Urinary Neurotransmitter Testing: Myths and Misconceptions Summary
Ailts, J., Ailts, D., Bull, M.
Urinary neurotransmitter testing has a long history as a means to non-invasively assess neurotransmitter excretion from the body. With the advent of clinical applications of this technology come questions surrounding its feasibility and utility. This review first examines documented mechanisms of neurotransmitter transport across the blood-brain barrier. Further studies examine the effects of renal stimulation on neurotransmitter levels in the urine. Beyond the mechanisms of how neurotransmitters come to be in the urine, numerous studies have demonstrated the utility of urinary measurements. These studies examine potential correlations between urinary levels and various psychological conditions, as well as pharmaceutical drug effects on urinary values. Lastly, data supporting the accurate measurement of neurotransmitter levels in urine is necessary to solidify this technology as a reliable tool for the assessment of nervous system function. This paper will summarize the available literature and provide a compelling perspective about how non-clinical models can assist clinicians in explaining how and why clinical measures of urinary neurotransmitters are a useful indicator of central nervous system activity.
Introduction In 1902, Ernest Starling and William Bayliss introduced the world to the existence of an internal communication system with their discovery of the hormone, secretin1. Subsequently, scientists have identified countless other chemical messengers within the body. Further research provided clinical relevance to the function of these messengers, many becoming useful biomarkers for various conditions and disease states. This rapidly growing field has expanded to include biomarkers of the nervous system. Neurotransmitters are the chemical messengers of the nervous system, essential for relaying signals within the brain and communicating with all organ systems of the body. Disruptions in neurotransmission have been implicated in a long list of clinical conditions, ranging from Alzheimer’s Disease to Tourette’s Syndrome. Urinary neurotransmitter measurements, serving as predicative or correlative biomarkers of nervous system function, are an exciting prospect with a broad spectrum of potential clinical applications. Neurotransmitters are present in many body fluids, including serum, cerebral spinal fluid (CSF), saliva, and urine. Urinary neurotransmitter assessments have a long, albeit somewhat unknown, history in academic research. For nearly 60 years, scientists have been measuring neurotransmitters and their metabolites as markers for a myriad of applications. Recent developments in this field have taken this technology from an academic to a clinical setting, where neurotransmitter testing can be used by clinicians as a non-invasive tool to address nervous system function. The following review focuses on the evidence regarding the feasibility and utility of urinary neurotransmitter testing and addresses many of the common misconceptions held regarding this technology.

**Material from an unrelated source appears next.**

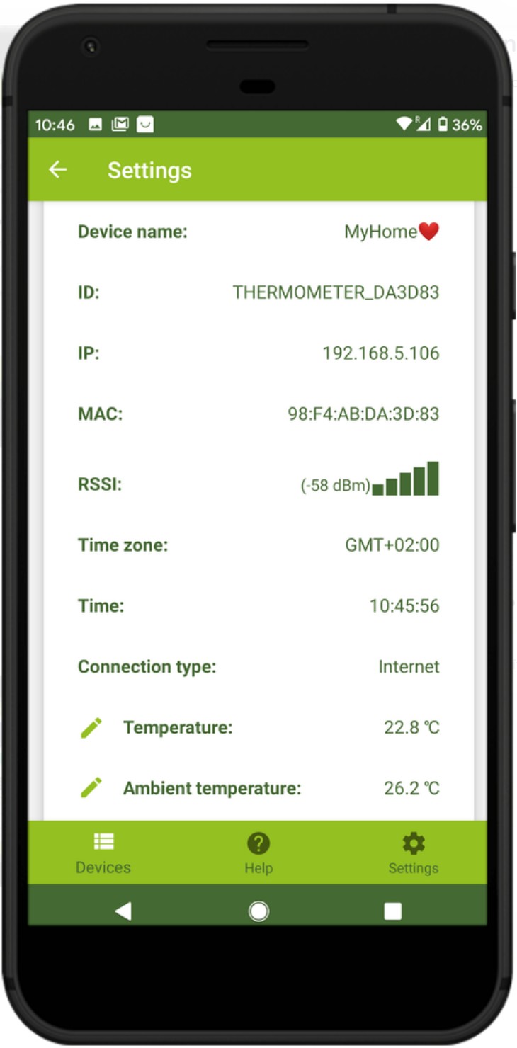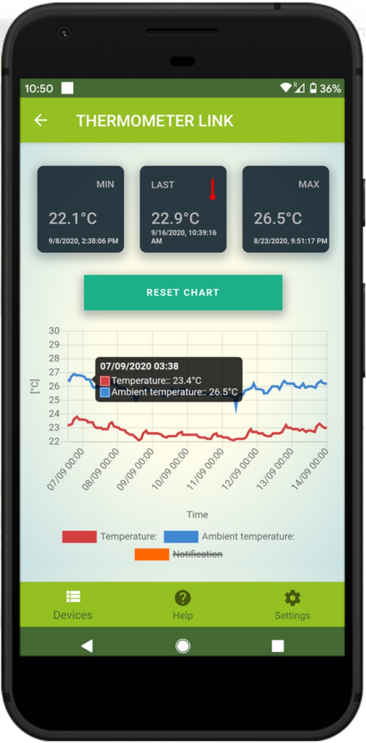 | Mobilní aplikace Umožňuje nastavit požadovaný teplotní rozsah. Pokud je teplota mimo nastavený rozsah, aplikace odešle alarmové oznámení. Zařízení zaznamenává a ukládá údaje o teplotě uvnitř i vně nádrže. | ![]() |

Neurotransmitters and the Blood-Brain Barrier Although present throughout the body, neurotransmitters exert primary functions within the central nervous system (CNS). Here, neurotransmitters are synthesized, stored, and released from specialized cells called neurons. Neurons are the workhorses © 2007 NeuroScience, Inc.
of the CNS, relaying messages through an electro-chemical process known as neurotransmission. This delicate and highly regulated system is closed off from the rest of the body by the blood-brain barrier (BBB) (see Figure 1.). Located within the capillaries that deliver blood to the brain, the BBB is single layer of specialized endothelial cells referred to as BCEC’s (brain capillary endothelial cells). These cells play a protective role, selectively allowing molecules into the CNS while preventing disruptive or harmful molecules from entering. For this reason, it is a commonly held misconception that neurotransmitters from the CNS cannot move to the periphery. In fact, BCEC’s possess transporters whose function is to regulate the passage of neurotransmitters in and out of the CNS.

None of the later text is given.